*TASK OBJECTIVE*
Answer with a single number stating how many lines of the entries below include the string "large".

*RECORD EXCERPTS*
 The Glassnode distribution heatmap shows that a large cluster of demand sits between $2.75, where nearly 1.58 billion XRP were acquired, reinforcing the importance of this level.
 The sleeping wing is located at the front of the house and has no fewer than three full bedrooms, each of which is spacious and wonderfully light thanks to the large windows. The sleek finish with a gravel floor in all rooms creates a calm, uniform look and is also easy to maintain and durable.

* * *

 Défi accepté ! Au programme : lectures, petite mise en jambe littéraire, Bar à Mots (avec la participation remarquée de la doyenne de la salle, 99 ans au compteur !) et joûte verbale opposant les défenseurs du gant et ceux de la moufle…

--

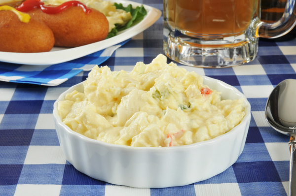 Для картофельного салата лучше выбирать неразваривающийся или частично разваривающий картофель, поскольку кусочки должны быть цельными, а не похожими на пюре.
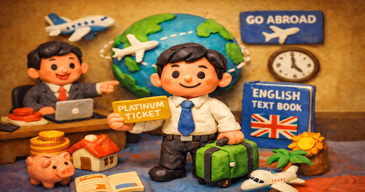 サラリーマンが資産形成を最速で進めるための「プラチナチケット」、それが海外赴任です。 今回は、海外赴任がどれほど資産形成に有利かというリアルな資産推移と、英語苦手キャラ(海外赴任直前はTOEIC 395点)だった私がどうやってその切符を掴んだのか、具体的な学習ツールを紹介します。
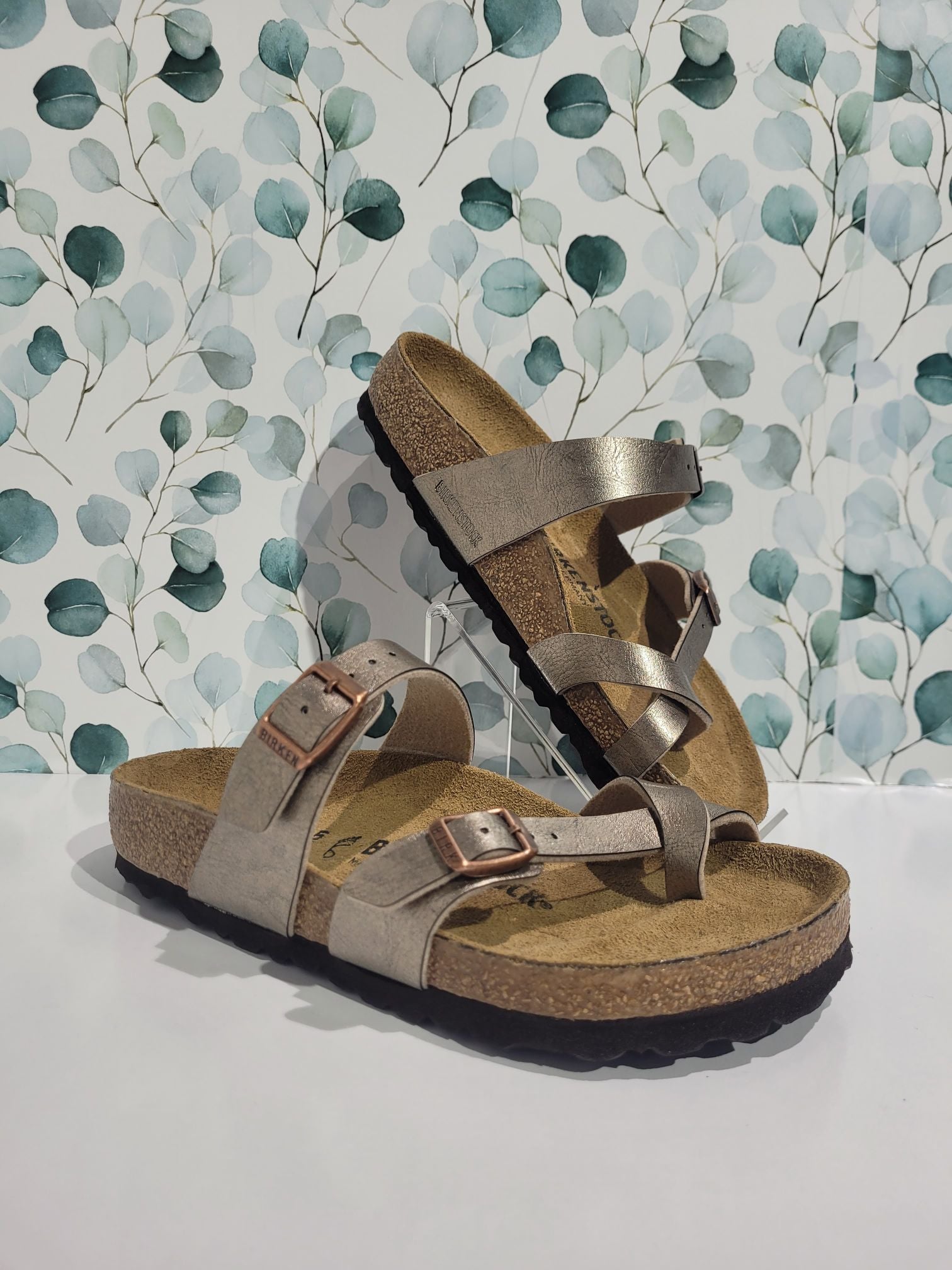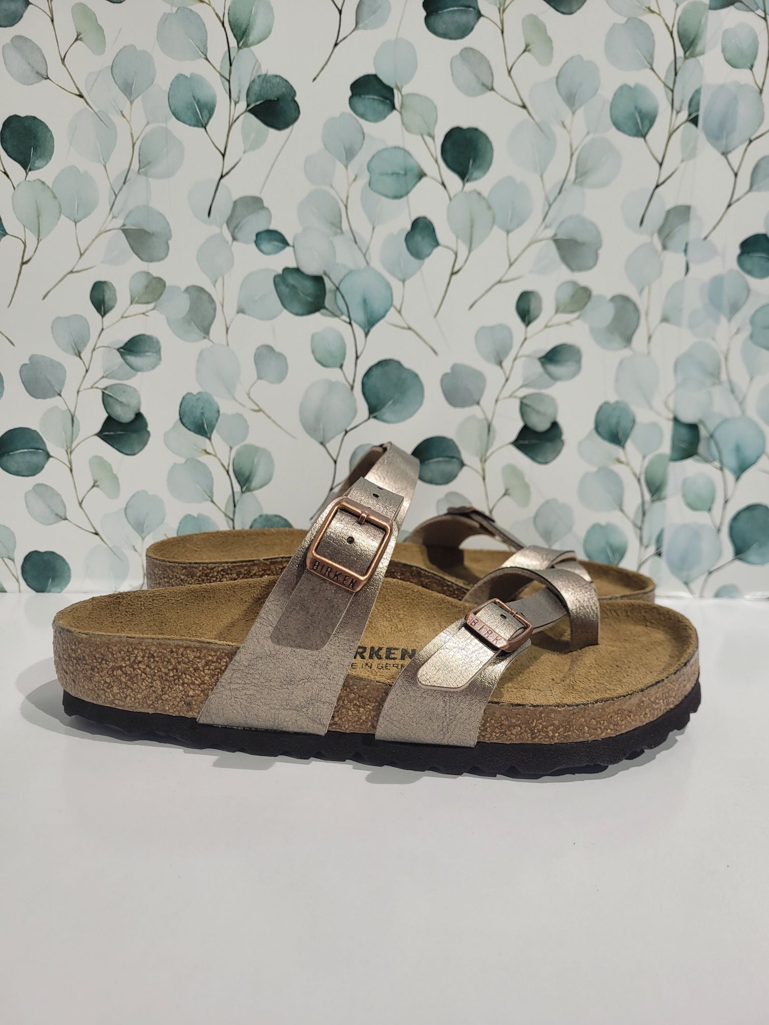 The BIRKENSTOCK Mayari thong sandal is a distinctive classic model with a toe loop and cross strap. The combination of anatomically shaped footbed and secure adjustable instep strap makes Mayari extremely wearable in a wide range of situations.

*RESPONSE TO THIS EXERCISE*
2